American molecular and cell biologist

Joan V. Ruderman (born 1947/48) is an American molecular and cell biologist. She is a professor emeritus at Harvard University and Visiting Senior Biologist at Princeton University. She has researched cell division and embryo development, and more recently the effects of, and the public understanding of, environmental estrogens and other endocrine disruptors. She was elected as a member of the United States National Academy of Sciences in 1998.

==Education and career==
She received her BA from Barnard College in 1969 and her Ph.D. from MIT in 1974. She was on the faculty of Duke University, and joined the faculty of Harvard Medical School in 1976. At Harvard, she was the Marion V. Nelson Professor of Cell Biology.

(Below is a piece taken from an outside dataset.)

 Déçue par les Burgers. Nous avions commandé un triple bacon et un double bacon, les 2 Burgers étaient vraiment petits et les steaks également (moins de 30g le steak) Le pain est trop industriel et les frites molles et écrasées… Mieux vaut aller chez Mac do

She first attended the Marine Biological Laboratory in 1974, for a summer course on embryology. With Ann Stuart she founded the Periwinkle Club, a summer day camp for young children of MBL scientists. She was on the Board of Trustees of the MBL from 1986 to 2012, and she was on the executive committee and Speaker of the MBL Corporation from 2008 to 2012. She succeeded Gary Borisy as president and Director of the MBL as the first women to hold the post, serving from November 2012 until November 2014, when she was succeeded by Arthur Sussman as interim president and then Huntington Willard. While she was president, the MBL joined the University of Chicago in July 2013 and became more financially stable.

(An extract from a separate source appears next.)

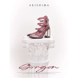 ギリシャ神話に登場する狂暴の女神“ゴルゴーン”をテーマにしたクロコダイル柄のヒールパンプス。艶やかなパテントレザーで仕上げたアイテムで、透明なクリアヒールが存在感たっぷり。シルバーのバックルと、十字架のチャームがゴシック調の雰囲気を強調しています。

She was also a member of the Radcliffe Institute of Advanced Study from 2010 to 2011. She joined Princeton Environmental Institute in February 2015.

She was elected to the American Academy of Arts and Sciences in 1991.

==Works==
- Swenson, Katherine I. (1986). "The clam embryo protein cyclin A induces entry into M phase and the resumption of meiosis in Xenopus oocytes"

==Personal life==
She is married to Gerald Ruderman, an engineer. Their daughter Zoe (born 1983/4) is a journalist in New York City.